The core elements of LINQ query expressions are implicitly typed variables, operators, and sequences. The result of a query expression typically is assigned to an implicitly typed variable. One reason is that query expressions sometimes return anonymous types. For the implicitly typed variable, the actual type is set from the result of the query expression.
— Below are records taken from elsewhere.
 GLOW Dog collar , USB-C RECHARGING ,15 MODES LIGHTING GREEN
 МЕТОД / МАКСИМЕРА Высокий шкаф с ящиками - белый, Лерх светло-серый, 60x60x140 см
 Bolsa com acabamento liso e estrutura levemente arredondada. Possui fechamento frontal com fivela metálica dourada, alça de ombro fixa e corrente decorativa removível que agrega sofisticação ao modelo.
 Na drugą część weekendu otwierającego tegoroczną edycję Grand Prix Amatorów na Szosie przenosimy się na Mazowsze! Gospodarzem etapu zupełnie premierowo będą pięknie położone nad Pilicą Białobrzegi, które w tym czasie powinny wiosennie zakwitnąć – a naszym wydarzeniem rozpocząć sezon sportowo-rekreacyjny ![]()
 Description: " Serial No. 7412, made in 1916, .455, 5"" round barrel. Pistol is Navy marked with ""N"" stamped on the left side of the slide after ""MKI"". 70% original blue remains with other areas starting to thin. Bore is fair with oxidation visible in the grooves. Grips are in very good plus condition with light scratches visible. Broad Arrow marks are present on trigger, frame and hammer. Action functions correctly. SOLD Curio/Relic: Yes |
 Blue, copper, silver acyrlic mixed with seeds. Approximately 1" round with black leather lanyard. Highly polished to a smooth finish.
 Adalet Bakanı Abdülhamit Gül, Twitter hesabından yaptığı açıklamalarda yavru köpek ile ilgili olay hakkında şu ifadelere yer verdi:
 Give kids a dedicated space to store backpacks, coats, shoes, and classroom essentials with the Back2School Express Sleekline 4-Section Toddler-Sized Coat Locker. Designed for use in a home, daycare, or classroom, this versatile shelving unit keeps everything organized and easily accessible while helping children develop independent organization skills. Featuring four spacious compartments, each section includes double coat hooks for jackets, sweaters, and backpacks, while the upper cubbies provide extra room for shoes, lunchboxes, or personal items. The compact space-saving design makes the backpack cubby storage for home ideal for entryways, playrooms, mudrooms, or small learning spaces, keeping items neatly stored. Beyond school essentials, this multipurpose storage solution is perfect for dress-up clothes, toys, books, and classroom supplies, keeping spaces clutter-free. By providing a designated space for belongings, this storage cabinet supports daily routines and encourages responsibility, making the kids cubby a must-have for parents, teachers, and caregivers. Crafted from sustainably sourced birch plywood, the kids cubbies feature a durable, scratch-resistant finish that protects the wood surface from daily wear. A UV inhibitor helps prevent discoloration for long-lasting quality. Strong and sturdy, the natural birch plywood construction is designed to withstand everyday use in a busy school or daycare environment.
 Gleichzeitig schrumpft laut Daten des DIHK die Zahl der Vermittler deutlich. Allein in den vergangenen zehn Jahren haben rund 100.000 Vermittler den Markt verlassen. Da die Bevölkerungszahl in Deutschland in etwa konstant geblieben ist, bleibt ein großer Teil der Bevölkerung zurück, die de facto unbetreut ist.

Operators are extension methods and the building blocks of query expressions. There are many operators, which are grouped into categories for clarity. Filtering, Generation, Partitioning, and Sorting are some of the categories, and the entire list is presented in the section "LINQ Operators," later in this chapter. A sequence in a query expression is a series of dependent operators. The result of one operator is input to the next operator, the result of that operator is input to the following operator, and so on. Essentially, each operator, as an extension method, calls the next operator, and the result of each operator in the sequence is passed to the next. The following code contains a sequence, in which the Where operator calls the OrderBy operator, which in turn finally calls the Select operator. The result of the Select operator is stored in the processes variable.

var processes =
    Process.GetProcesses()
    .Where(p => p.Threads.Count > 5)
    .OrderBy(p => p.ProcessName)
    .Select(p => new { p.Id, Name = p.ProcessName });

The Where, OrderBy, and Select operators are extension methods and members of the Enumerable class. In the following code, the operators are called directly as extension methods. For example, the Where operator is called as the Enumerable.Where extension method. This is semantically equivalent and the results are identical to the previous code. The extension methods in this example actually execute inside-out.

var processes =
    Enumerable.Select(
        (Enumerable.OrderBy(
            (Enumerable.Where(Process.GetProcesses(),
                (p => p.Threads.Count > 5))),
            (p => p.ProcessName))),
        p => new { p.Id, Name = p.ProcessName });

To improve efficiency, LINQ supports lazy evaluation, meaning that query expressions do not execute and return results immediately. Instead, the results are iterated as needed. If a query expression returned a list of 10,000 people, would you want to enumerate that list all at once? Probably not: it would be a huge drain on performance and may have noticeable effects on your application. Less noticeable is the effect of distributing the cost of retrieval over the iteration of the collection. Another advantage to this approach is that it allows the querying and retrieval of a portion of the list if you want. This also helps performance. Otherwise, if your query returned 10,000 people, there would be no performance benefit to enumerating 10 names—the cost already has been paid. LINQ does provide the ability to force an immediate retrieval of the query results. For example, IEnumerable.ToList and IEnumerable.ToArray force the entire collection to be immediately returned in a query expression.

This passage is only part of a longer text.